Igor Mammedov <imammedo@redhat.com> writes:
'-numa mem' option has a number of issues and mgmt often defaults to it. Unfortunately it's no possible to replace it with an alternative '-numa memdev' without breaking migration compatibility.
To be precise: -numa node,mem=... and -numa node,memdev=... Correct?
What's possible though is to deprecate it, keeping option working with old machine types. Once deprecation period expires, QEMU will disable '-numa mem' option, usage on new machine types and when the last machine type that supported it is removed we would be able to remove '-numa mem' with associated code.

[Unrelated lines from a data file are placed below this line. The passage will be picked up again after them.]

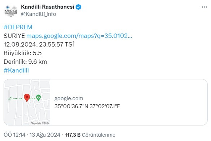 Kilis Valiliği'nin sosyal medya hesabından yapılan açıklamada da "Suriye Hama'da meydana gelen 5,2 büyüklüğündeki deprem ilimizde de hissedilmiştir. Deprem nedeniyle ilimizde can ve mal kaybımız bulunmamaktadır. Ekiplerimiz sahada incelemelere devam etmektedir. Tüm vatandaşlarımıza geçmiş olsun dileriz." ifadeleri kullanıldı.
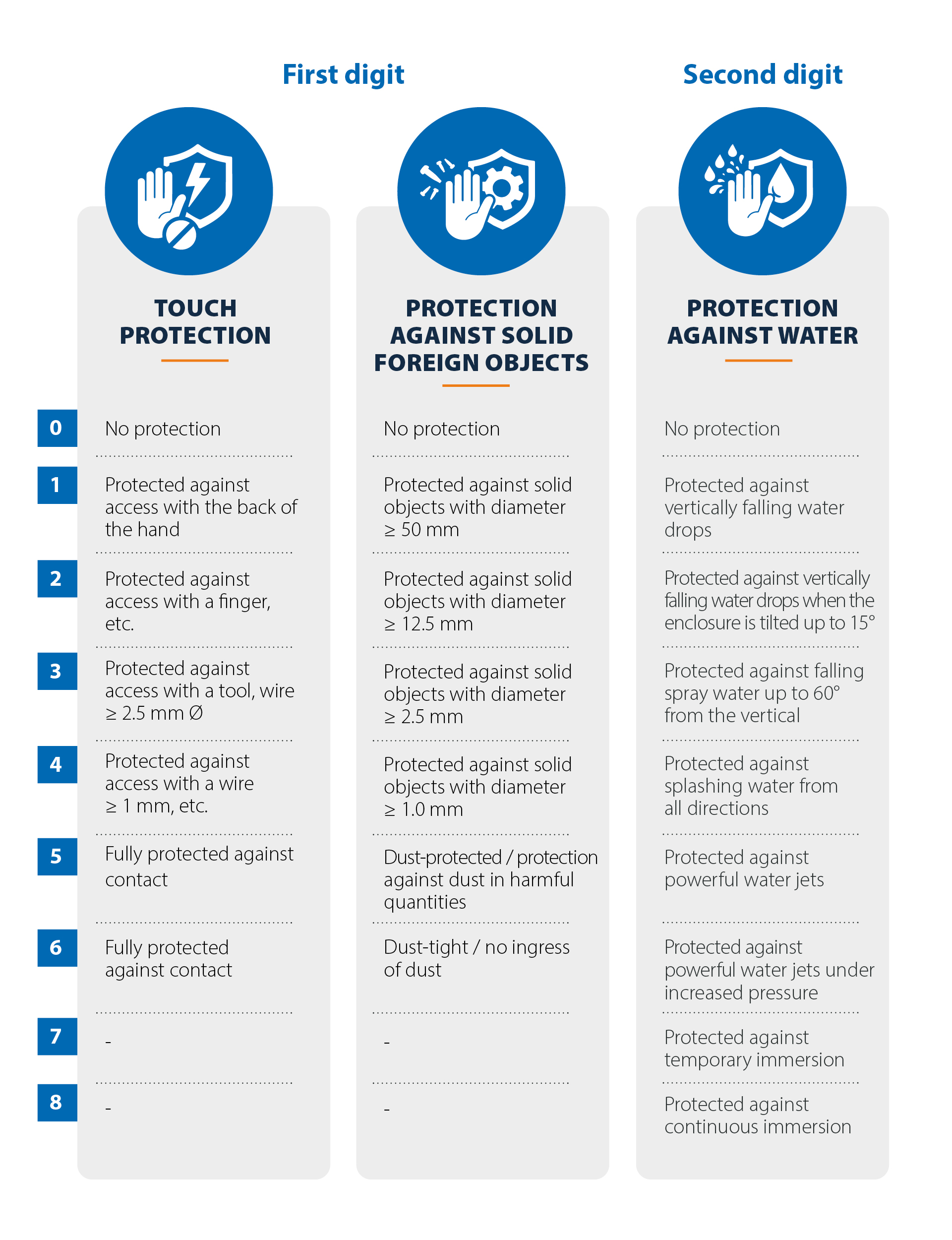 Uanset om det er vedvarende regn, sandstorm eller snestorm: elektronik skal beskyttes mod støv og vand, især udendørs. Til anvendelser udenfor eller i fugtige rum, støvede fabrikshaller eller endda under vand finder du passende produkter hos EFB-Elektronik. Vi forklarer, hvad IP-beskyttelsesklasserne går ud på, og hvad IP-betegnelserne betyder.
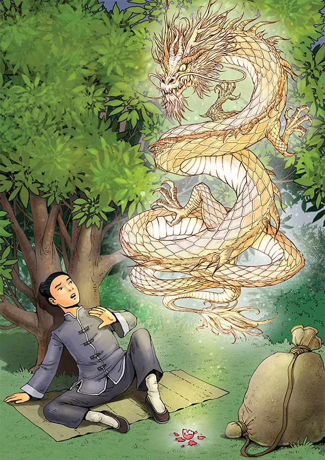 И тут он почувствовал, как скорлупа потеплела. Да, потеплела! В испуге Тао дёрнул рукой, чуть не выронив яйцо… И тут оно начало трескаться. Рывками и с хрустом, как откалывается айсберг от большого ледника. Вот откололась верхушка, и из такого маленького, казалось, пространства, на свет вырвался полупрозрачный, светящийся неярким белым светом змей-дракон! Он взвился до макушки дерева и перекувыркнулся, явно празднуя высвобождение, а затем мягко опустился на землю перед Тао. Тот глядел на него, боясь шелохнуться.
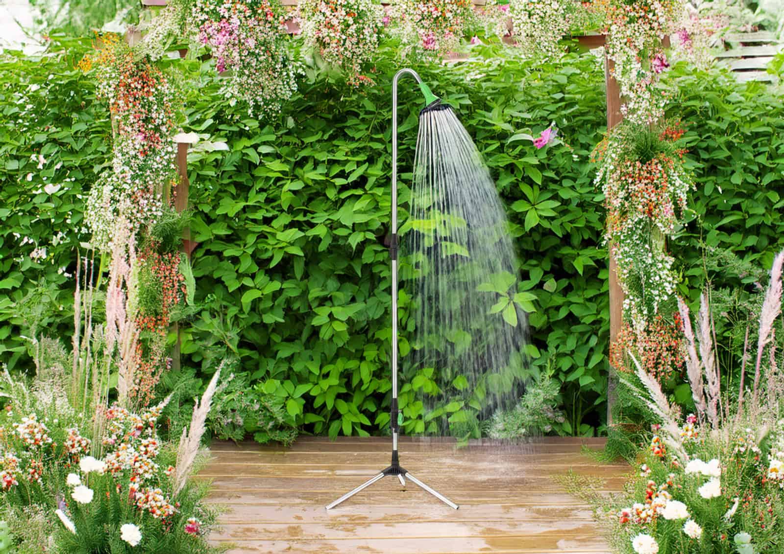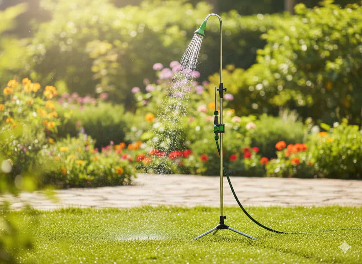 Dus de gradina pe trepied cu conectare la furtun, reglabil pe inaltime, utilizare exterior, 210 cm Mob360
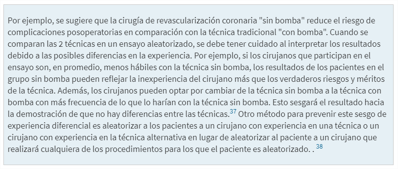 Por último, las diferencias en la atención al paciente distintas de la intervención en estudio ( cointervenciones) pueden, si afectan los resultados del estudio, sesgar los resultados. El cegamiento efectivo elimina la posibilidad de una administración diferencial consciente o inconsciente de intervenciones efectivas a los grupos de tratamiento y control. Cuando no es posible un cegamiento efectivo, la documentación de posibles cointervenciones se vuelve importante.

In order to help mgmt to find out if being deprecated CLI option '-numa mem=SZ' is still supported by particular machine type, expose this information via "numa-mem-supported" machine property.
Users can use "qom-list-properties" QMP command to list machine type properties including initial proprety values (when probing for supported machine types with '-machine none') or at runtime at preconfig time before numa mapping is configured and decide if they should used legacy '-numa mem' or alternative '-numa memdev' option.
This sentence is impenetrable, I'm afraid :) If we only want to convey whether a machine type supports -numa node,mem=..., then adding a flag to query-machines suffices. Since I'm pretty sure you'd have figured that out yourself, I suspect I'm missing something. Can you give me some examples of intended usage?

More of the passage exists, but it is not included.